Luxury in the Making

Meet the makers at Edward Green

In a series of essays and images commissioned by Walpole as a part of our 'Luxury in the Making' study, we celebrate the people behind some of the exceptional luxury products made in the UK every day. From the intricacies of watchmaking to the teamwork that goes into every high-end car, we speak with some of the highly skilled individuals who pour their passion into their respective crafts
18th Apr 2024
Luxury in the Making Meet the makers at Edward Green

In Northampton, the traditional home of the shoemaking industry in the UK, on-site, hands-on training has proven to be of more value to local businesses than external apprenticeship schemes and courses.

“It’s desperately important for us to find a space for training,” says Euan Denholm, Head of Brand at Edward Green. “But we’ve found it’s best not to have that more structured, part college-based route.” Edward Green has spearheaded its own training programme, inspired by Julie Smart, the company’s Closing Manager, who previously taught at Northampton College.
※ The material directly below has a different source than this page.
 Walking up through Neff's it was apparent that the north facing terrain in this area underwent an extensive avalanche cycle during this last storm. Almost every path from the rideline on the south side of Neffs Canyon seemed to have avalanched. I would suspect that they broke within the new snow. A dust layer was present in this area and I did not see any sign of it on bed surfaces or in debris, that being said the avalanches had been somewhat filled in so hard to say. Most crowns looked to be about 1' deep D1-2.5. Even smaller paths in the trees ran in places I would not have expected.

Taking eight staff at a time over 12 Fridays, she walks them through the process of making their own pair of shoes from start to finish. Needless to say, the end results are exceptional. They are being taught by the best in the business after all. The course also gives them a better appreciation of everybody’s role within the business, while learning to multiskill so they can do several of the tasks to the level that Edward Green demands.

From the initial design, via clicking (the precise cutting of the leather patterns) and closing (where the leather pieces are sewed together) to lasting (shape forming) and finishing, every stage requires an outstanding level of expertise. And it’s clear that the programme is instilling not just skills but enthusiasm and confidence in the staff. “We’ve got one lady, Carleen [Holmes] – wow, she just flew through everything,” says Julie. “And because she’s a machinist, she found that in the lasting room, the motion of her hands is the same. So she’s transferred her skills. And that’s lovely to see.”

 
 

Carleen herself reveals that her previous employer sent her on the Northampton College shoemaking course – where Julie taught her before. “I’ve been making shoes for 27 years,” she says. “But in the past nine months working here, I’ve learnt more jobs than I had in all those years. I think it’s really opened the door now for more general roles to be swapped over. And why not? Everybody’s capable of doing different things, so long as you’re taught properly.”
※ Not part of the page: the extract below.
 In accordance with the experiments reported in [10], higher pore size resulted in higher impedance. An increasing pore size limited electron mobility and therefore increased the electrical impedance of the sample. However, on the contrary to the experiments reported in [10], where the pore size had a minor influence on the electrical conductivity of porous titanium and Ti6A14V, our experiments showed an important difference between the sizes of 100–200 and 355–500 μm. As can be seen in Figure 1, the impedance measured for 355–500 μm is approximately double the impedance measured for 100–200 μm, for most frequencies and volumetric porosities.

It has also proven effective at breaking down the traditional gender barriers that still tend to exist in the industry, as Stephen Wright, Quality Manager, attests. “If we’re short on individual staff for whatever reason, Julie might say, ‘Oh we’ve got a lady here who’s always keen to learn, do you want her to come in and help out?’ And the answer’s always yes! So we can multiskill across the factory, which is great.”

 

There is also a healthy influx of staff – often slightly older, with existing making skills from their first careers – such as Marcus Buckland, who works in Top Drawer [“which is basically training to do everything”], who trained as a picture framer, or his friend Dan Battison, a Slipper Operative, who had been in a band with Marcus and retrained from his job as an architectural model maker. Or, less likely perhaps, Lyndsey Robinson, who was previously a fraud analyst for Lloyds. “I was looking through jobs and this particular advert said: ‘Trainee shoemaker, must have neat handwriting’, and I thought, I’ve got nice handwriting, I’ll give it a shot. I didn’t know anything about shoes, it was totally alien to me.” Now, every finished pair of Edward Green shoes bears her exquisite writing – the final stamp of quality.

The same sense of pride pervades the building at Edward Green – as summarised by Technical Manager & Product Developer Carlos Iaconianni. “There’s a sense of achieving something here. We are makers. We put our hands and minds and hearts into the product.”